Well, the reason I am here on this platform is really a fluke. But it is also
in the context of saying that it has something to do with women and I think a
rather nice fluke. First of all, of course, I'm a woman, but that wasn't the
point. What led to the discovery, the first and to this day the only most
certain effect of a very low dose of radiation in the human population was
the result of my saying: "Why don't we go and ask the mothers?"
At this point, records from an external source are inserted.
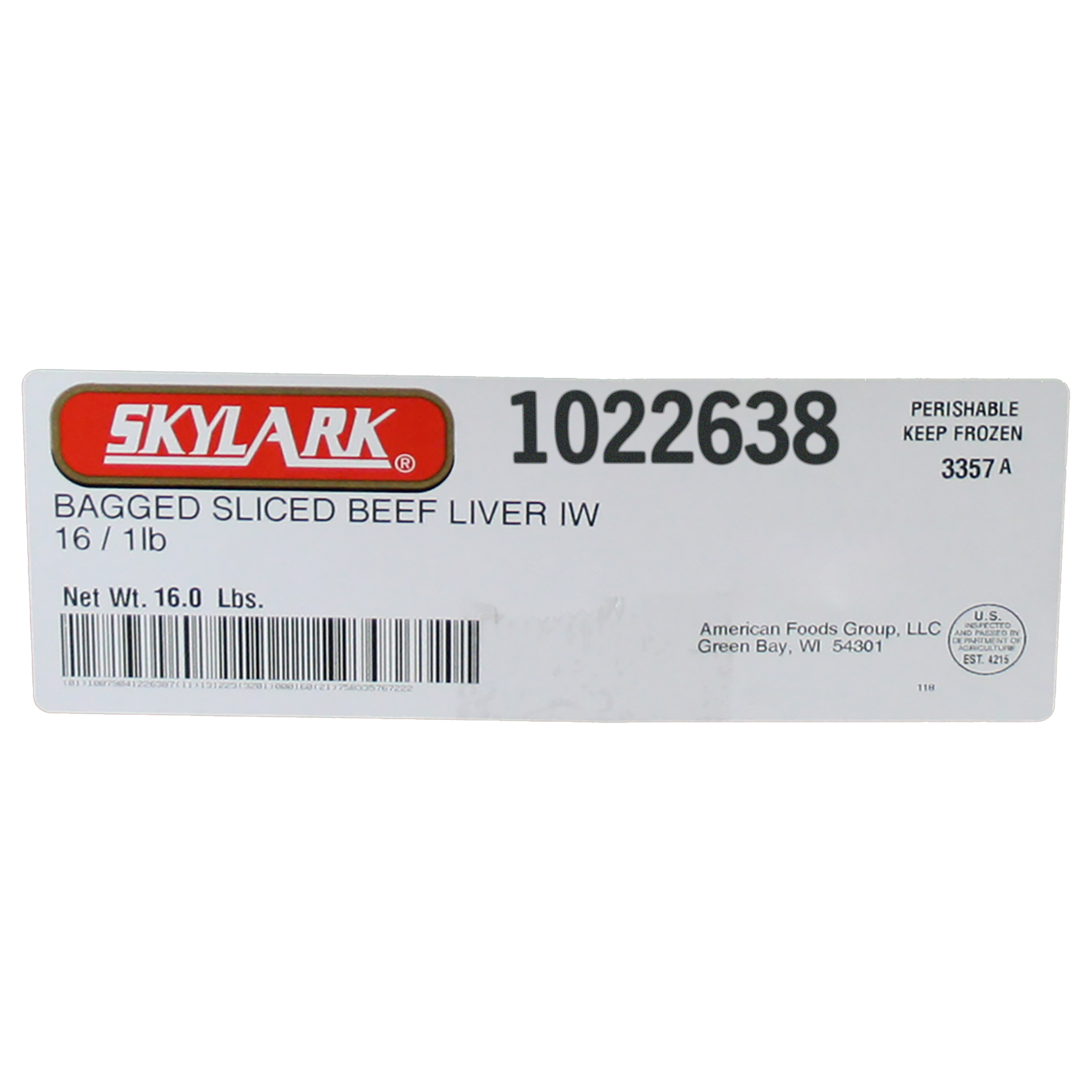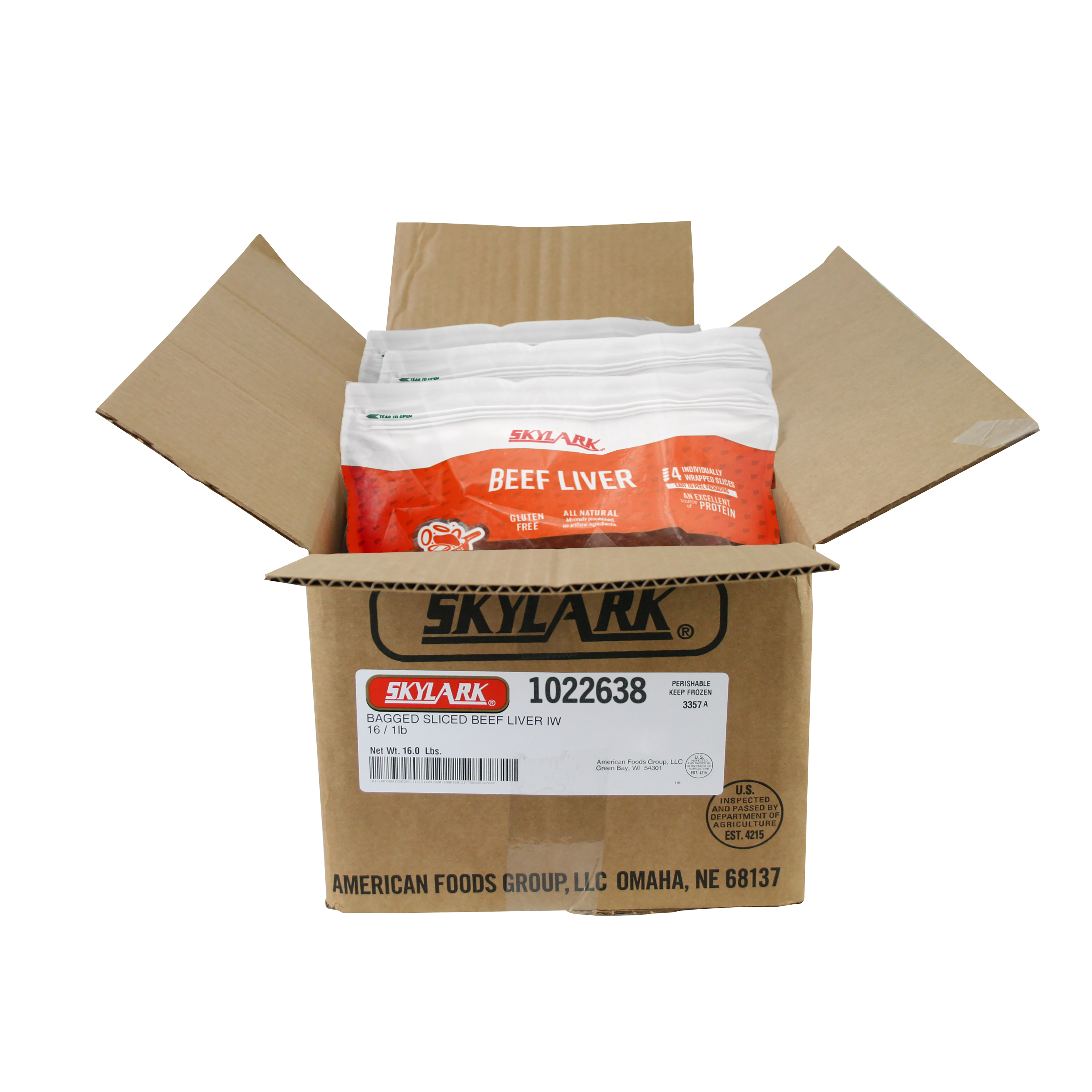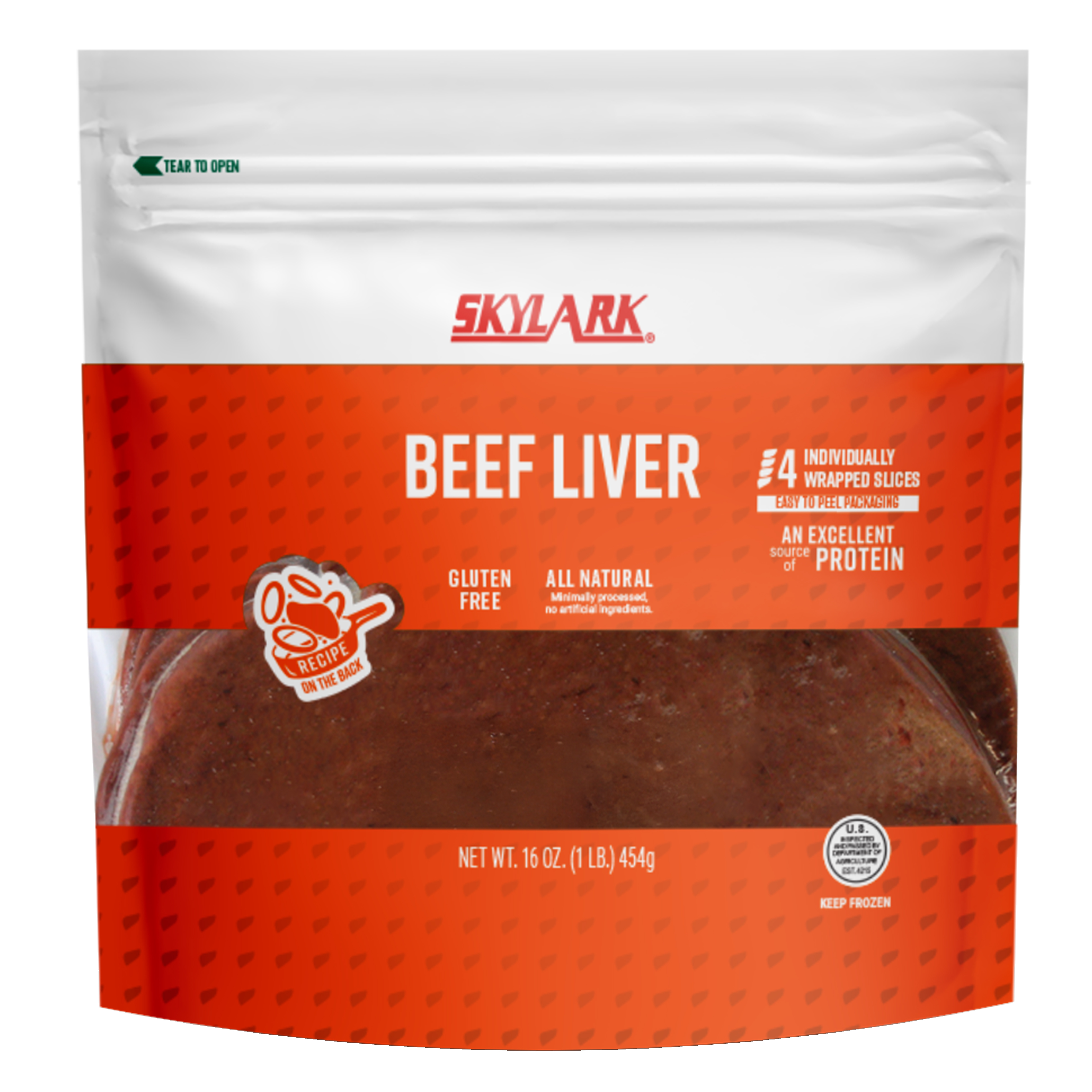 Skylark Frozen Bagged Sliced Individually Wrapped Beef Liver, 16-1 Pound Bags Per 16 Pound Net Weight Master Case, 4-4 Ounce Individually Wrapped Slices Per Bag
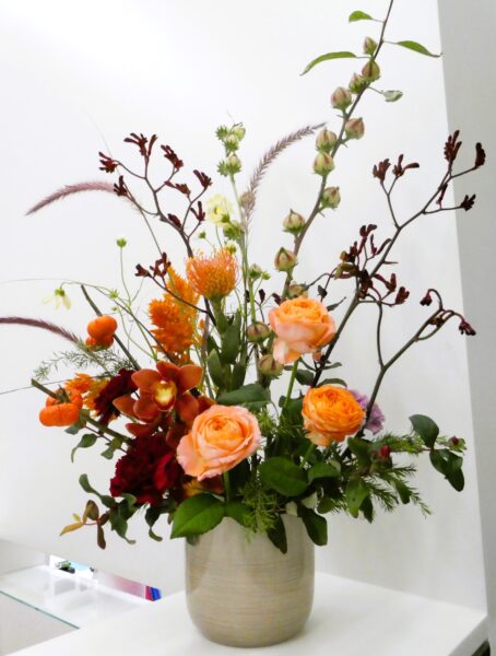 バラのオレンジを真ん中に、カーネーションやカンガルーポーの深い赤が印象的です😳
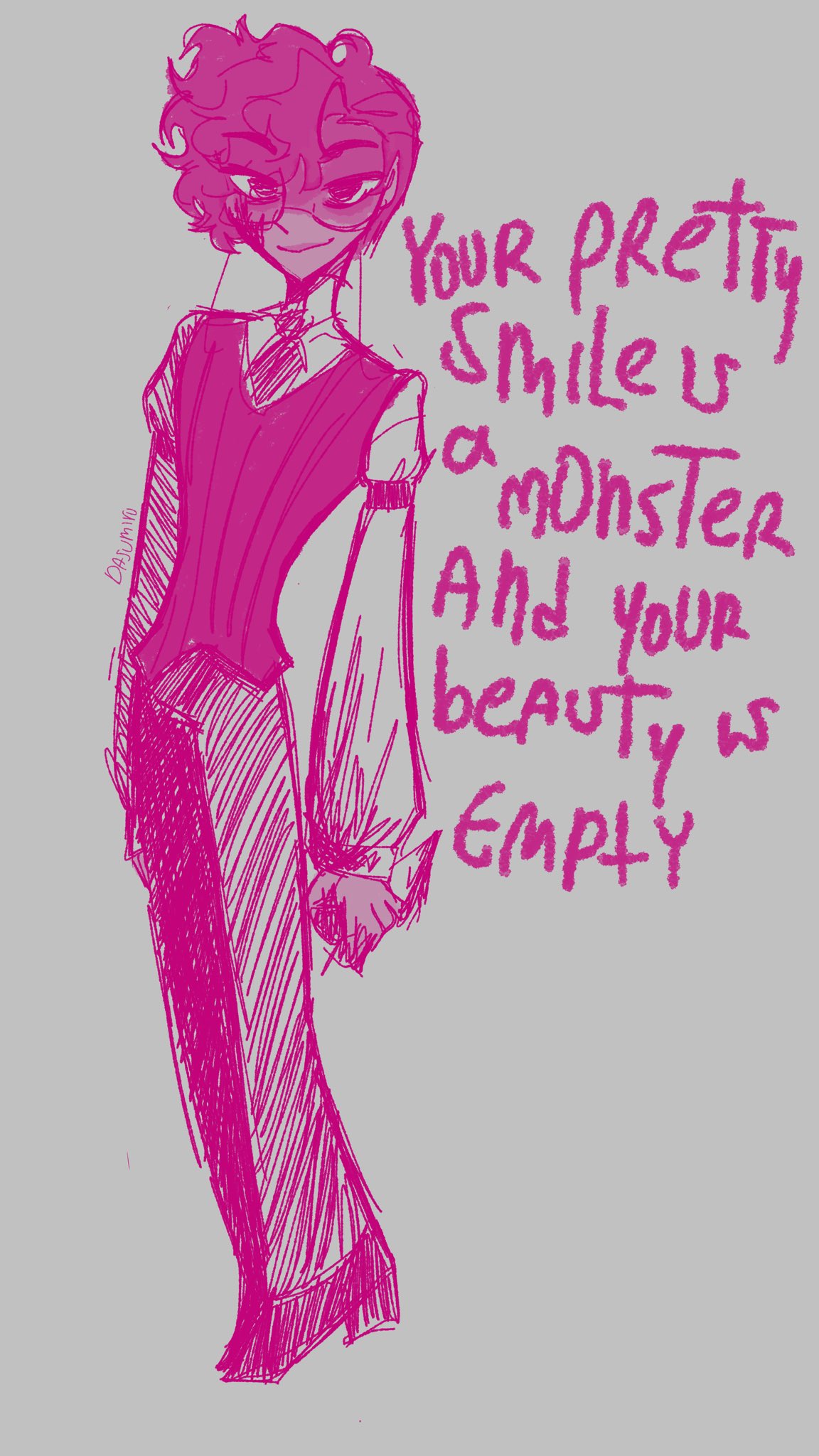 >>4021005I kind of dread the day one of them recognises Alastor since they're constantly on youtube and tiktok. There are definitely way too many kids into the shows, and way too young. I can kind of excuse teenagers even if I don't want to interact with them, but the fact that there are kids under 10 who know about it is just gross.Anyway. I've been trying to write all day but I'm not into it because there's no Alastor. I just have to get through this one section with Charlie and Mimzy, but I can't do it. Need deer.

The situation was as follows: Way back in the 1950's, there was a worldwide
increase in leukemia. I can tell you today that this was an unnecessary
alarm. It was an alarm due to the fact that because anti-biotics had come
into our lives, we were seeing for the first time very many cases of leukemia,
and normally don't. These children -- or adults, for that matter -- would
have died of infections before you realized that they were truly suffering
from a latent form of a blood cancer. But (..?) the anti-biotics in these
cases emerge? Now, we didn't know this, but what we did notice -- we as
medical people -- we noticed that children between two and four were suffering
more than any other age group. And we were sufficiently expertised to know
that this was very unusual. If children get troubles -- they either get them
as babies; new born babies are very vulnerable, or they get trouble after
they go to school, which is usually at the age of five and they are meeting
other children -- why children between two and four?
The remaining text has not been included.